Small process innovations can create great advances
14 Feb 2020
In this age of disruption, there’s a tendency to regard innovation in terms of monumental, eye-catching change.
It’s no bad thing of course to think big – challenging times demand that we endeavour to do so whenever possible.
Yet we should not ignore the opportunities for the many small wins that can be achieved either.
As Lesley Eaton of SEEPEX points out in our main pumps feature, companies need not obsess about searching or waiting for that ‘next big thing’ to revolutionise their manufacturing processes. There is much they can attend to right under their noses.
It is, she advises, as much a matter of developing an environment in which innovation can flourish; plant the seeds, attend to them and then wait to reap at least a modest harvest in years to come.

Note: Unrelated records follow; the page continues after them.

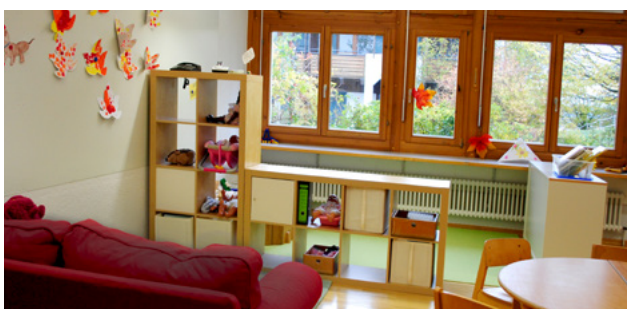
Schulkindergarten Tüllinger Höhe
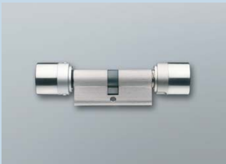
Digitaler Schließzylinder mit Tastersteuerung

Schließzylinder mit gekapselter Elektronikbaugruppe zum Einbau in Türen nach DIN 18250 mit Europrofilenschlössern nach DIN 18251. Er wertet die Funksignale von Transpondern aus und entscheidet, ob eine Zugangsberechtigung besteht.
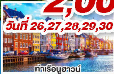
ท่าเรือฮาวน์
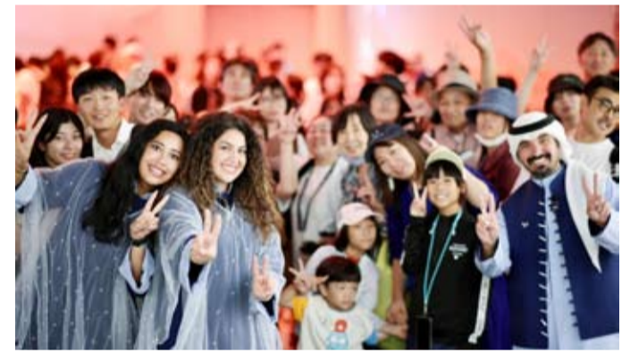
إقبال لافت على جناح دولة الكويت

نموذجٌ تحذى به في كيفية توظيف الدول لقواها الناعمة وتجبرتها الإبداعية لبناء الحضور الدولي وتعزيز الحوار العالمي. كما نال جناح الكويت إشادة خاصة على صعيد التجربة التوثيقية لما قدمه من تجربة طهي استثنائية. فقد نال المطعم الموجود داخل الجناح، في ثقل تكهات المطبخ الكويتي إلى الساحة العالمية. استوحى المطعم أطباقه من مكونات أصيلة وصفات تقليدية، مُقدماً للزوار تجربة فريدة تُمكنهم من تذوق أطباق الكويت التراثية الغنية، ليصبح بذلك أحد أكثر وجهات الطعام جذباً للزوار ضمن «إكسبو 2025 أوساكا».
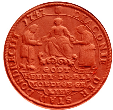
Diaconiezegel van de stad Dordrecht

Aan vier en twintig dragers die er sullen moeten versogt worden om mij te dragen ieder vijftien enkele gouden Ducaten eens, sonder meer, die in ’t sterfhuijs, nadat sij mij ten grave sullen hebben gebragt in plaatse van een tractement, ’t geen ik niet versta dat gegeven wordt, sullen moeten affgelangt (= uitgereikt) worden.
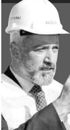
Ordu Büyükşehir Belediye Başkanı Enver Yılmaz
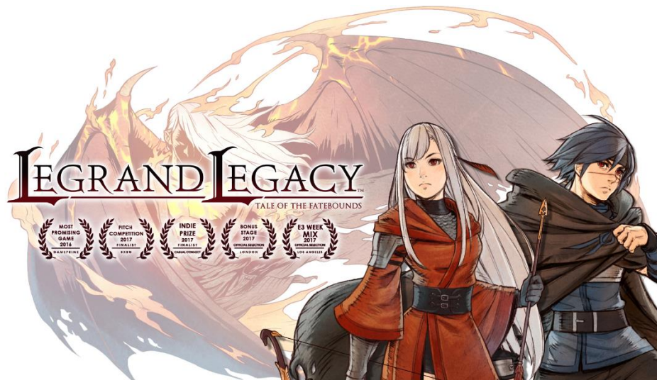
Gambar 2.2. "Legrand Legacy" ( www.legrandlegacy.com )

Game tersebut telah meraih beberapa penghargaan seperti:
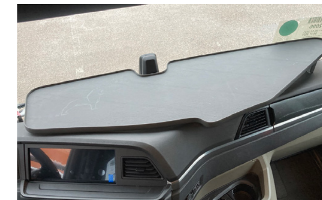
Plateau d'origine MAN
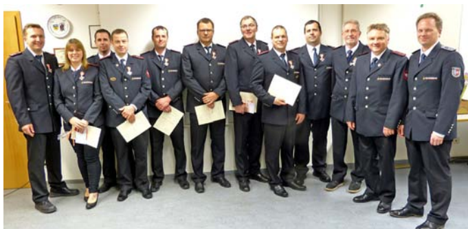
Die mit dem Ehrenzeichen in Bronze, Silber und Gold geehrten Kameraden

Rather than focusing on an end product begin instead with the customer and the work culture, she advises. Or indeed, look at using an existing product in a different way.

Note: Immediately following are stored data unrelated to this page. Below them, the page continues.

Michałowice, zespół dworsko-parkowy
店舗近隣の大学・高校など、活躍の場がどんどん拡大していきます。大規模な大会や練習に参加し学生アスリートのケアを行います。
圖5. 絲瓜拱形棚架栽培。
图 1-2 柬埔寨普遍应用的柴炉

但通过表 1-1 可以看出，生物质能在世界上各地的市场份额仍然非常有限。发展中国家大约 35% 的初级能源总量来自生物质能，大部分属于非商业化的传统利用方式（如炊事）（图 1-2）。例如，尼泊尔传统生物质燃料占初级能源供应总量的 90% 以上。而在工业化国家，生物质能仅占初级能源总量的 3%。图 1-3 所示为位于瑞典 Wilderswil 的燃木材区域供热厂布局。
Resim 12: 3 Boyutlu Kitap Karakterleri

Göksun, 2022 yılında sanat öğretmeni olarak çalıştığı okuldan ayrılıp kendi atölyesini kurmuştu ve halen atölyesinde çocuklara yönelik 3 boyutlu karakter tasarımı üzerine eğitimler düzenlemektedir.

Retrofitting and selective replacement affords another opportunity for inventiveness, as Bürkert’s shared experience demonstrates: the firm enabled a client to avoid the prohibitive cost of valve replacement by honing on a particular aspect alone.

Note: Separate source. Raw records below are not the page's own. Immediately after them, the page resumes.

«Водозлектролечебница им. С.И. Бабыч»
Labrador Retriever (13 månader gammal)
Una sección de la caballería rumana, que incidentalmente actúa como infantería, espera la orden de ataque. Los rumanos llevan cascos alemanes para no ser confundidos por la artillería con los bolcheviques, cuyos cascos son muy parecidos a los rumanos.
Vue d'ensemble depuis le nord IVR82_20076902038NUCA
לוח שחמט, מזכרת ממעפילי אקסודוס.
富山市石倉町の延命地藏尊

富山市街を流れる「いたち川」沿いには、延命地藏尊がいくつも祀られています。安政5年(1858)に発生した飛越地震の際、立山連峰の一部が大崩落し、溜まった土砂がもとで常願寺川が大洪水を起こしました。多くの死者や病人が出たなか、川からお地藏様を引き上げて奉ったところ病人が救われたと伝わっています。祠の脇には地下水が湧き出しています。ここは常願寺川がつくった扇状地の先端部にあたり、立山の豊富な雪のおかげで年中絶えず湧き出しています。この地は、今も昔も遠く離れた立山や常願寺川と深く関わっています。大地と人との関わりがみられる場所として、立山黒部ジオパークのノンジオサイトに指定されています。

As a result, the client was able to retain its original valves and achieve the desired improvements while avoiding changes that would involve hefty amounts of downtime. Elsewhere, SKF used its fibre optic sensing technology to create a commercial load sensing bearing which has resulted in much more accurate strain measurements than have been previously achievable.
By nudging staff to turn their attention to particular aspects of their processes and products, pumps companies are innovating constantly. Sometimes those steps appear modest. But then a multiplicity of small steps will soon constitute a great leap forward.